The town grew closer, the buildings becoming more distinct. Tadano could see people now—tiny figures moving through the streets, going about their morning routines. Opening shops. Carrying baskets. Living normal lives.
Lives that had apparently continued just fine despite the Darks' conquest.
"Something's wrong," Tadano said as they reached the forest's edge, crouching behind a thick bush to observe. "The elders said the Darks ruled with an iron fist. That everyone lived in fear. That any resistance was crushed immediately."
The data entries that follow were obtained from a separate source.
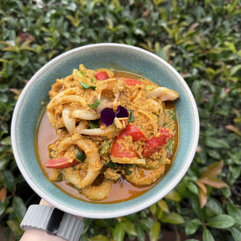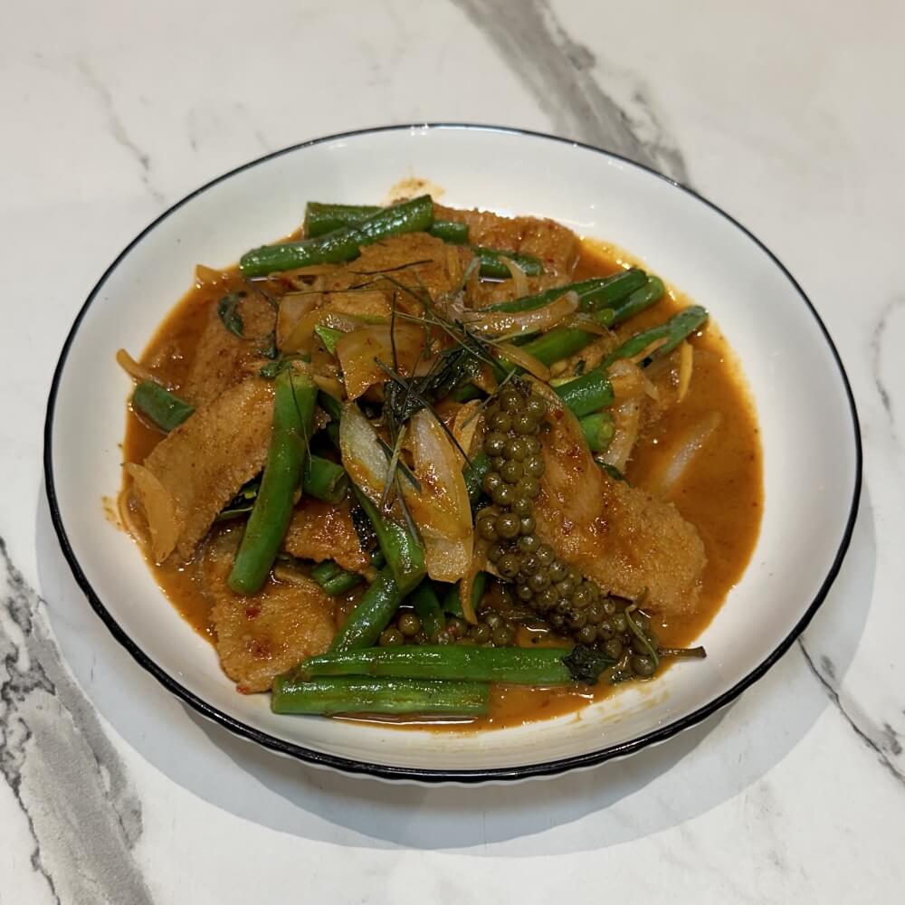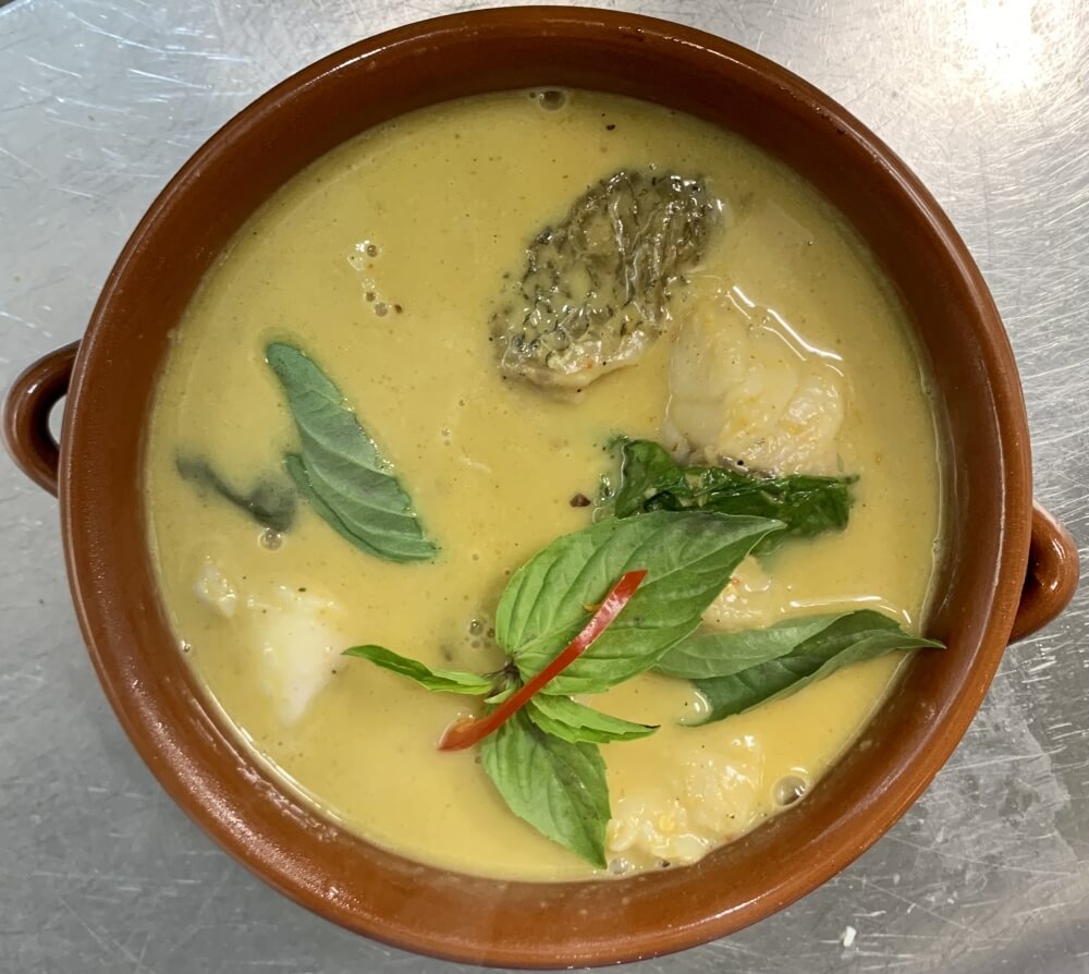 Barramundi fillet cooked in coconut milk, betel leaves, turmeric, shrimp paste and chilli
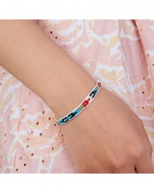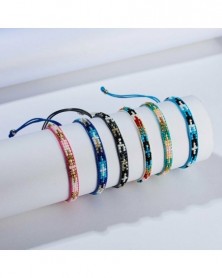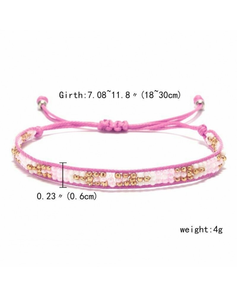 Rózsaszín kereszt - Boho női karkötő barátság fonott kötél pamutszövésű lánc vegyes gyöngyök ajándék
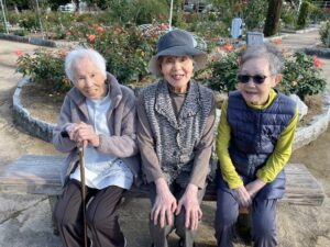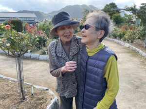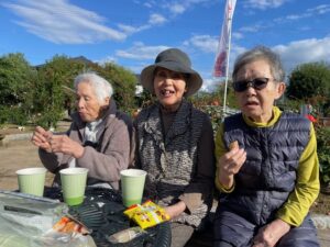 先日、綾部市のバラ園に行ってきました。 天候にも恵まれ、青空の下でおやつを頂きながら見物しました。
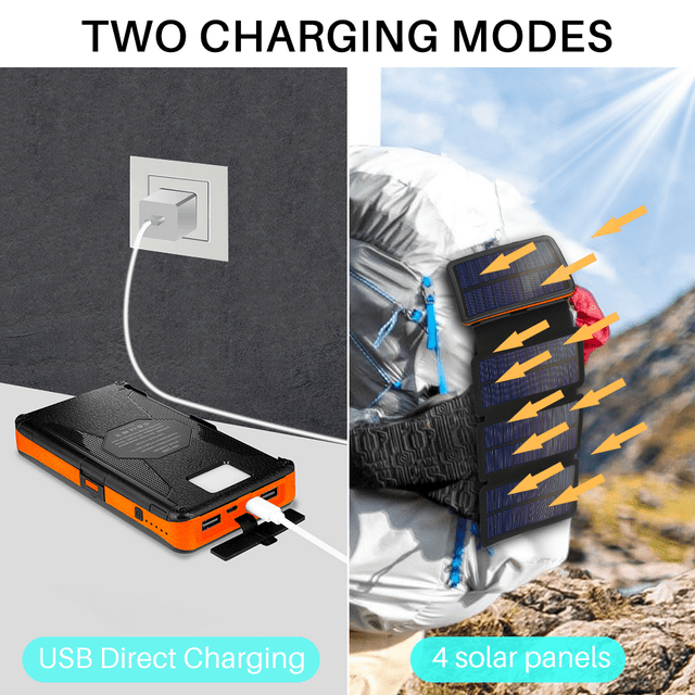 OWNTECH power bank with foldable solar panels, juice up your devices anytime anywhere.No longer worry about power outages outdoors, an essential companion for your off-grid trips.Shockproof: The portable charger is designed with four extra buffer rubber corners, which frees your worry of fall damage while in the wild.IPX5 Waterproof: The waterproof silicone protective line can better protect the internal structure of the portable charger for iphone. The bottom rubber cover also protects the charging ports from rain, water, and dust.Dustproof: Rubber skin-feel oil coating process forms a protective film on the surface, preventing the charger from dust, and also making the touch more comfortable.Sturdy and durable design, the power bank portable charger can withstand harsh outdoor environments. A Must-Have for outdoor activities.
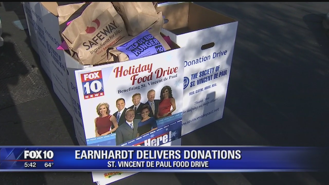 FOX 10 holiday food drive for St. Vincent de Paul: Earnhardt delivers donations
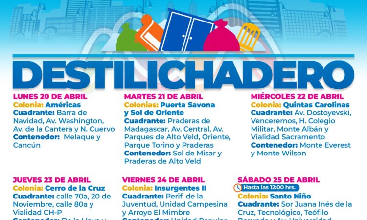 Para evitar acumulaciones de basura de grandes dimensiones en las viviendas, que podría generar plagas o problemas de salud, el Gobierno Municipal, a través de la Dirección de Servicios Públicos Municipales, informa el calendario del programa Destilichadero, que se realizará en siete colonias de la capital del 20 al 25 de abril.
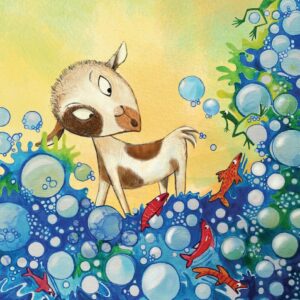 Tut-Tut ta bay baña den e plas di awa grandi pa prome biaha. E ta mira yen di blaas den awa, cu ta haci plop, plop, plop! Di unda nan ta bini?
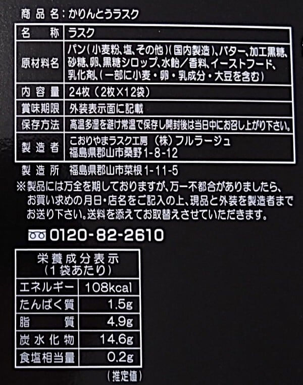 ■原材料 パン(小麦粉、塩、その他)(国内製造)、バター、加工黒糖、砂糖、卵、黒糖シロップ、水飴/香料、イーストフード、乳化剤、(一部に小麦・卵・乳成分・大豆を含む)
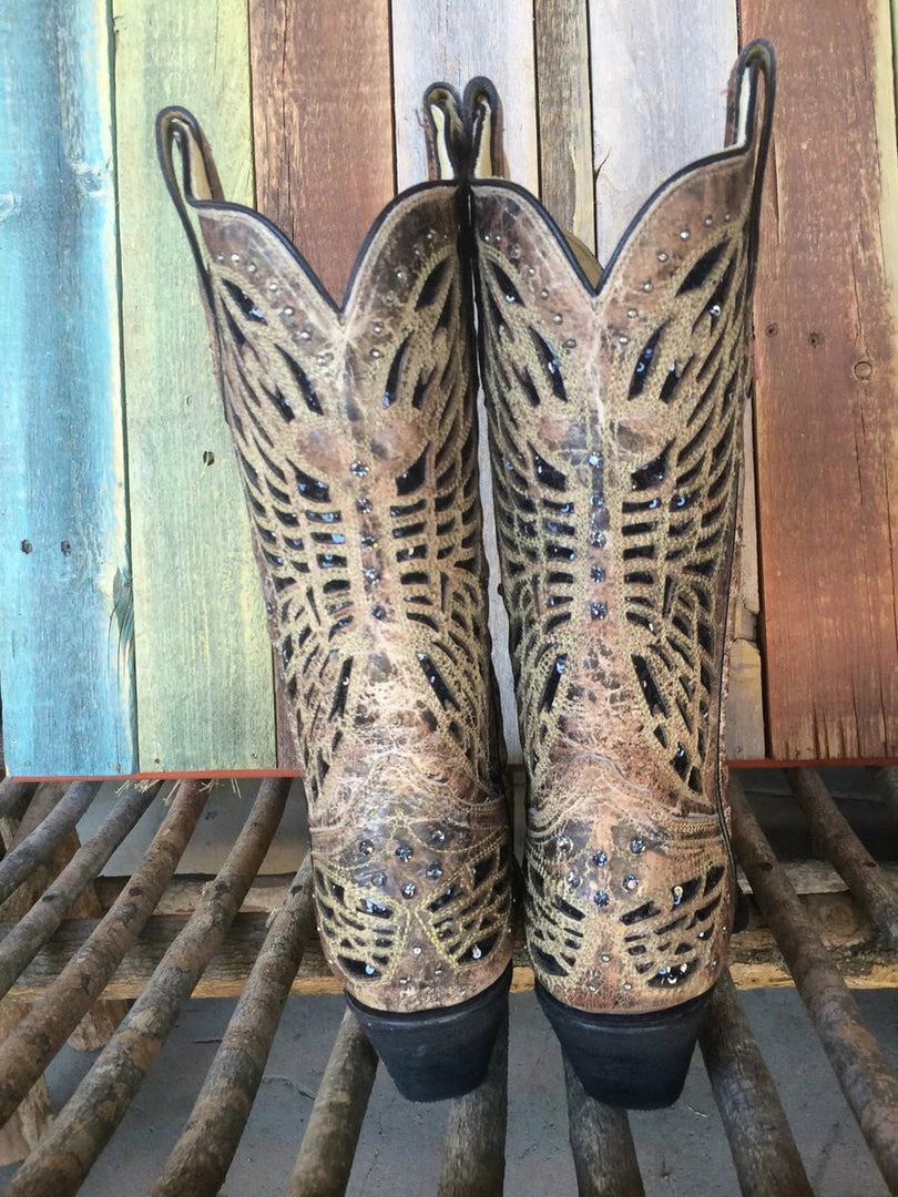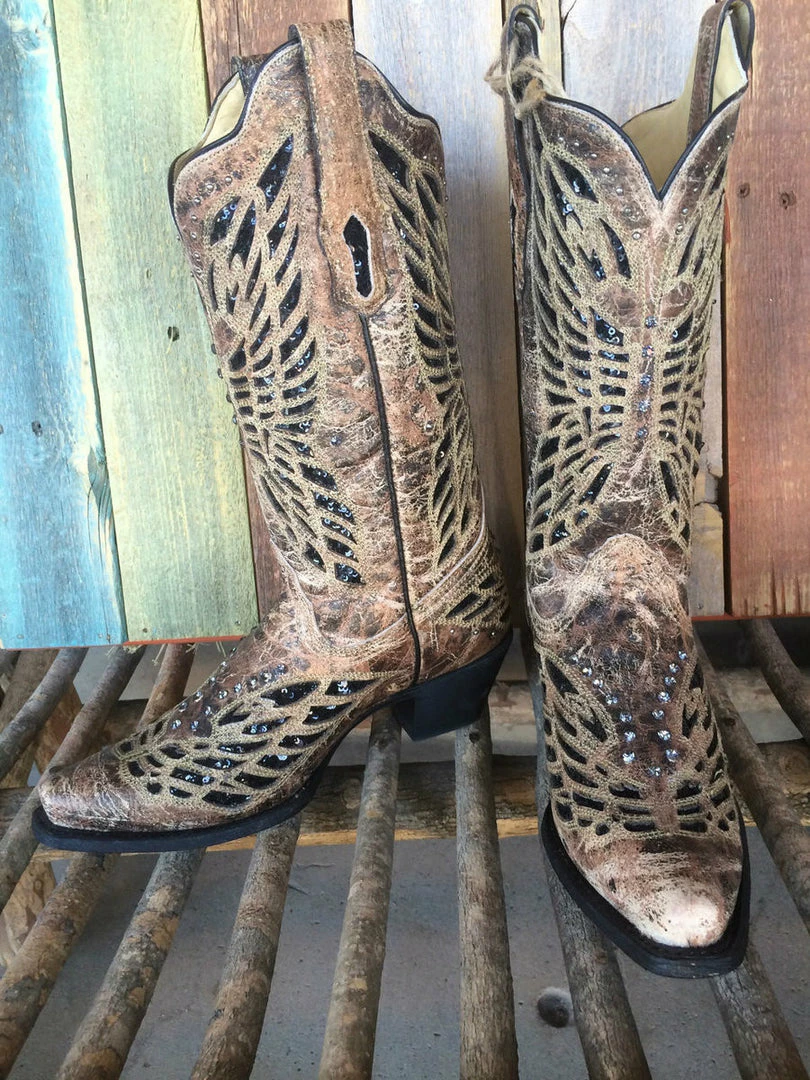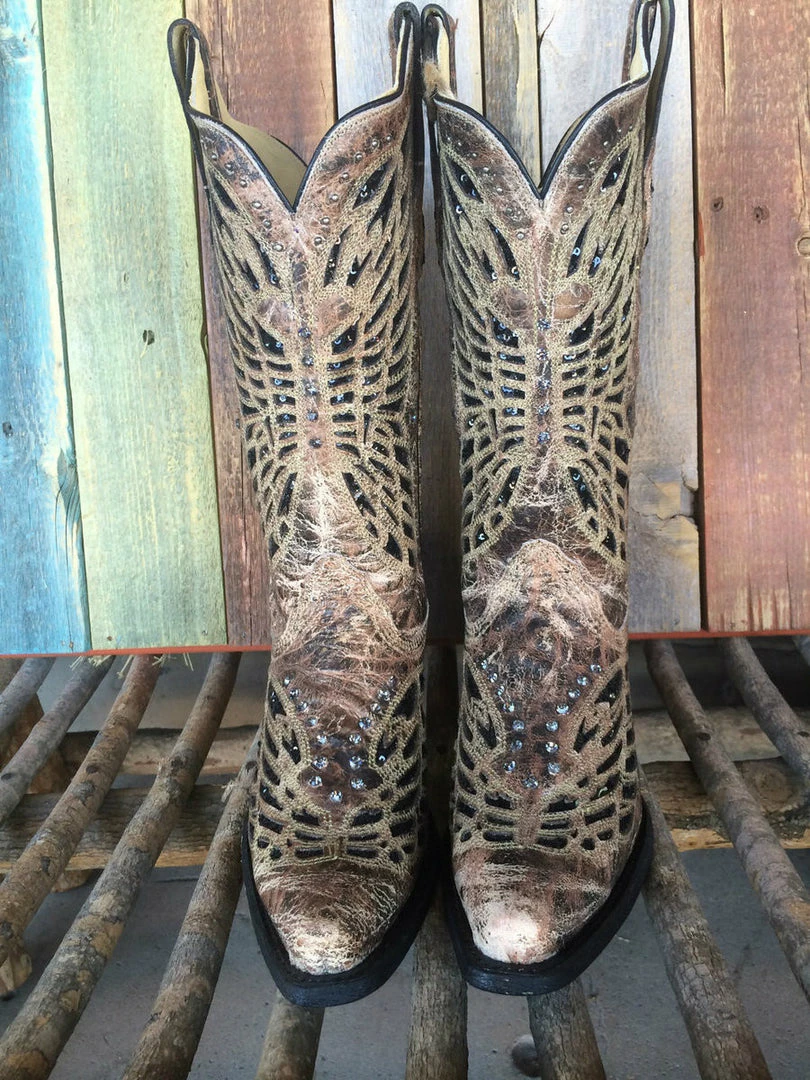 Turn heads wearing these stunningly designed women’s cowgirl boots. Handcrafted in distressed bronzed leather, black sequence inlays in the shape of butterflies with crystal accents shimmer with eye catching results. Soft lining and cushioned insoles provides much comfort for long wear. Snip toes and leather outsoles give off that true western boot look. Pull tabs and dip openings at the top makes it easier for pulling on.

"And yet." Vivi pointed at a group of children running down the street, laughing and chasing each other. "Those kids don't look very oppressed."
She wasn't wrong. The town looked... peaceful. Almost idyllic. Stone buildings with neat thatched roofs. Clean streets. People greeting each other with smiles. If there were Dark overlords here, they were doing a terrible job of being oppressive.
"Maybe it's a trap," Tadano suggested. "To lure out anyone from the underground."
"For sixteen years? That's a really dedicated trap." Vivi stood up, dusting off her pants. "Only one way to find out. Come on."
"Vivi, wait—"
But she was already walking out of the forest toward the town, her chin up, her stride confident. Tadano cursed under his breath and hurried after her, one hand on his sword hilt.
As they approached the first buildings, a woman hanging laundry spotted them. She paused, looking them up and down—taking in their dirt-stained clothes, their worn packs, Tadano's sword and Vivi's still-singed hair.
Tadano tensed, ready for her to scream or run or call for guards.
Instead, she smiled.
"Travelers?" she called out in a friendly tone. "You look like you've had a rough journey. There's an inn two streets over if you need rest. Tell Marta that Keiko sent you—she'll give you a fair price."
Then she went back to hanging her laundry, as casual as if strangers emerged from the forest every day.
Tadano and Vivi stood frozen in the middle of the street.
"Did that just happen?" Vivi whispered.
"I think so."
"She wasn't scared at all."
"No."
"She was... nice."
"Yes."
Vivi turned to look at him, and in her eyes, Tadano saw his own confusion reflected back. The elders had painted a picture of a conquered world living in fear and oppression. But this town—these people—they seemed...
Happy.
"What's going on, Tadano?" Vivi asked quietly.
"I don't know," he admitted. "But I think we need to find out."
Together, the twins walked deeper into the town, into the sunlight, into a world that was nothing like they'd been told.
And somewhere far below, in the darkness of the underground, a Council chamber erupted into chaos as someone discovered that two very important teenagers were missing.